* [Task instructions] While leaving the pictures out, set down only the lines from the one with "Отдельный номер с" through the end of the records, exactly as they stand.

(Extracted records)
• • •

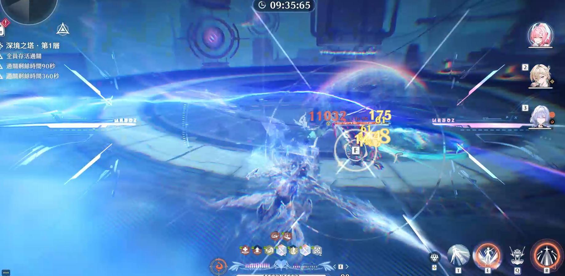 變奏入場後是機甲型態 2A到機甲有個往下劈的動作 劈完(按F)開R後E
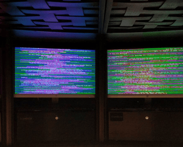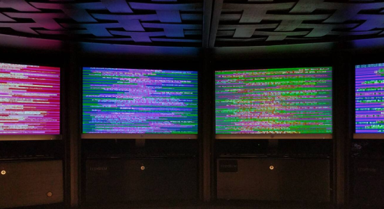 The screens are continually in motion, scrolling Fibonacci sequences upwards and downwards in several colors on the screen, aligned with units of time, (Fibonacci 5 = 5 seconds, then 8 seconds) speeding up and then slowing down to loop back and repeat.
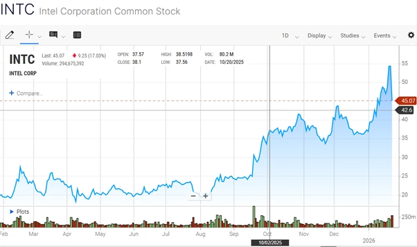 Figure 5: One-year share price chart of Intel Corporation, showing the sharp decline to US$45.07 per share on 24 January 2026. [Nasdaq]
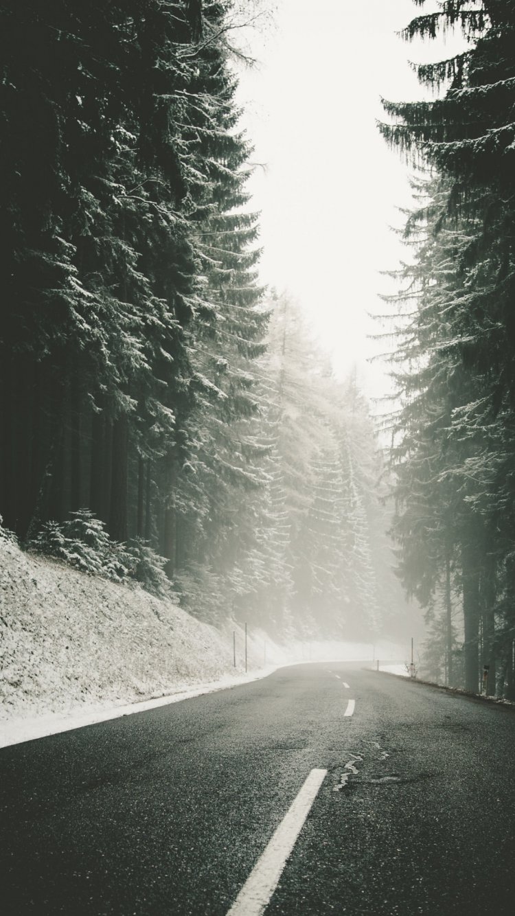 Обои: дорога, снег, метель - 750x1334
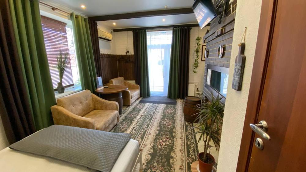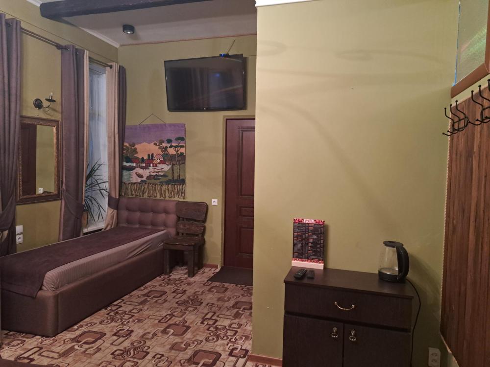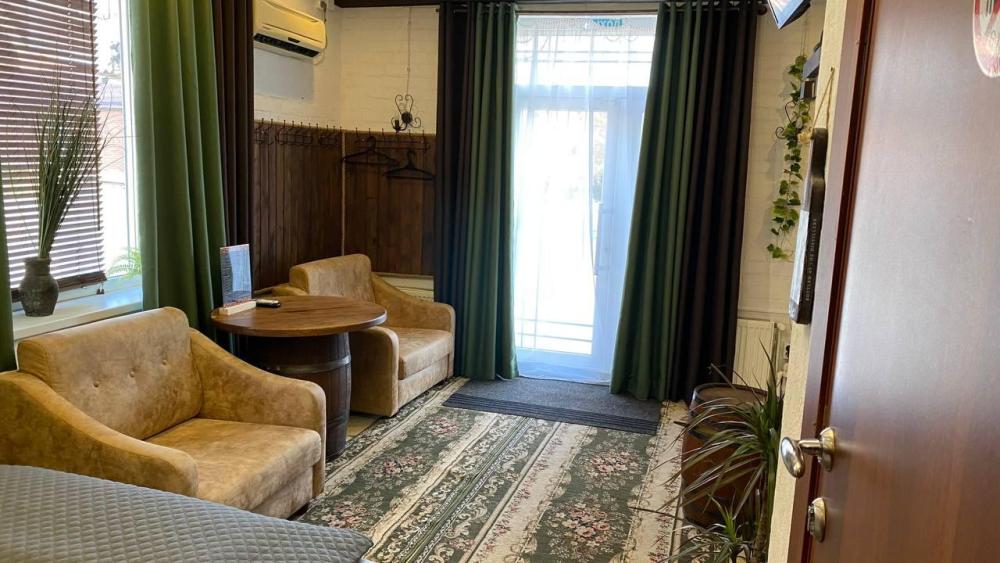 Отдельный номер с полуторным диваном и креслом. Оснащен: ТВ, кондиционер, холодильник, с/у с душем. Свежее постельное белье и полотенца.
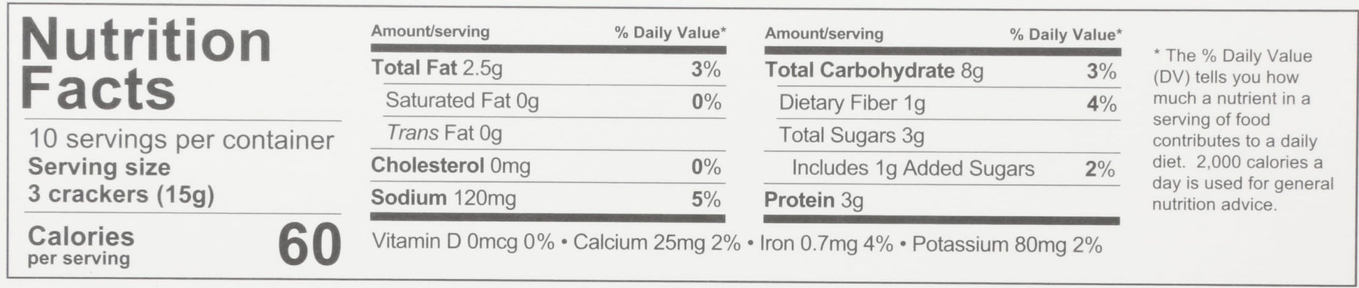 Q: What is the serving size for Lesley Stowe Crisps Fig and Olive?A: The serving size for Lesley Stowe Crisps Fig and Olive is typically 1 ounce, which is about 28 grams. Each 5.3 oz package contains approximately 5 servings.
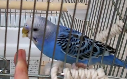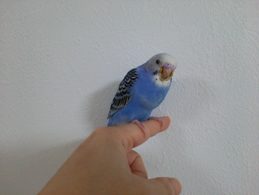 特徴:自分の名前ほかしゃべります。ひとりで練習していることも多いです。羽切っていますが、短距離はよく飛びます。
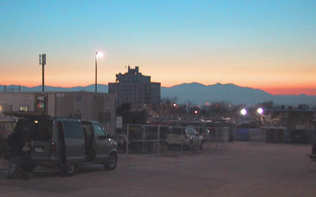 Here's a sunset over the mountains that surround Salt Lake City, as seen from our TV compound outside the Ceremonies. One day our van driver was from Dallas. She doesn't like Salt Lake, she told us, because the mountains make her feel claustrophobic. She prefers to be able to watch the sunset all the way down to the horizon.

• • •

* [Exercise result]
 Отдельный номер с полуторным диваном и креслом. Оснащен: ТВ, кондиционер, холодильник, с/у с душем. Свежее постельное белье и полотенца.
 Q: What is the serving size for Lesley Stowe Crisps Fig and Olive?A: The serving size for Lesley Stowe Crisps Fig and Olive is typically 1 ounce, which is about 28 grams. Each 5.3 oz package contains approximately 5 servings.
 特徴:自分の名前ほかしゃべります。ひとりで練習していることも多いです。羽切っていますが、短距離はよく飛びます。
 Here's a sunset over the mountains that surround Salt Lake City, as seen from our TV compound outside the Ceremonies. One day our van driver was from Dallas. She doesn't like Salt Lake, she told us, because the mountains make her feel claustrophobic. She prefers to be able to watch the sunset all the way down to the horizon.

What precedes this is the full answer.